The Enquiry Into The Brazil Disaster Must Be Held In Public

The Enquiry Into The Brazil Disaster Must Be Held In Public
30.06.2014 LISTEN

So much heart-ache has been inflicted on the Ghanaian public by the failure of the Black Stars to advance from the Group Stage to the Quarter-Finals that nothing less than a public enquiry should be held to find out how the officials sent to service the Black Stars performed - or did not perform - their duties.

The call for a public enquiry has nothing to do with a desire to humiliate the officials. Humiliating them will not enable us to go back to Brazil to beat Portugal or the United States. But it will prevent our having to live through the nightmare of the past fortnight again, in future.

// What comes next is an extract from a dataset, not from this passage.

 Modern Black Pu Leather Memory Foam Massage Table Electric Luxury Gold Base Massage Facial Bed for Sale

You see, there are some people who simply lack common sense and this should be publicly demonstrated so that others can learn that our complex brain matter was not given to us for nothing.

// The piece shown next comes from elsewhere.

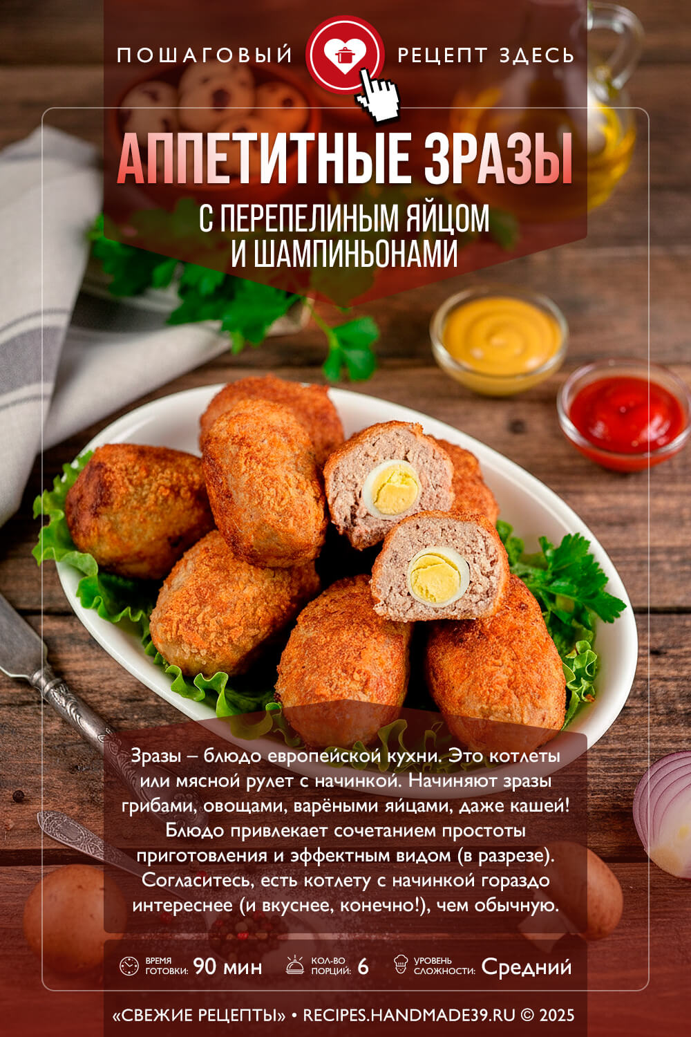 Аппетитные зразы, запечённые в духовке. А что внутри? Есть перепелиные яйца, есть шампиньоны – сюрприз! Вкусный сюрприз.

Now, everyone knows how agonising it was for us to lose that match against Uruguay in South Africa in 2010. One would have thought that having undergone that horrendous experience, our football officials would say to themselves: 'Even when we do not make mistakes, fate can intervene to defeat us. Well, we cannot control fate. But there are some things that are under our control. So let us do those things so well, that even if fate intervenes again, our people would at least understand that, like the evil Suarez incident, victory was 'beyond our means'. (And maybe, fate will eventually punish our tormentor, whoever it is, just like it has finally punished Suarez for us, in Brazil!)

Is that such a difficult notion to understand? I would have thought not. Yet look at what happened.

Money was spent on sending a huge contingent of officials to Brazil, some with their relatives and friends. But money is not water. Hotels that were supposed to be habitable proved to contain rooms that were sometimes like a 'swimming pool.'

Everyone had read stories about how Brazil was finding it difficult to complete even THE STADIUMS on which the tournament was going to be played. So why couldn't our numerous officials go and have a look at the hotels into which our players had been booked, so as to short-circuit any problems that they might harbour? You and I would not, I believe, expose our families to potential difficulties in a foreign country. How much more the collective

jewellery amongst our nation's sporting galaxy of stars?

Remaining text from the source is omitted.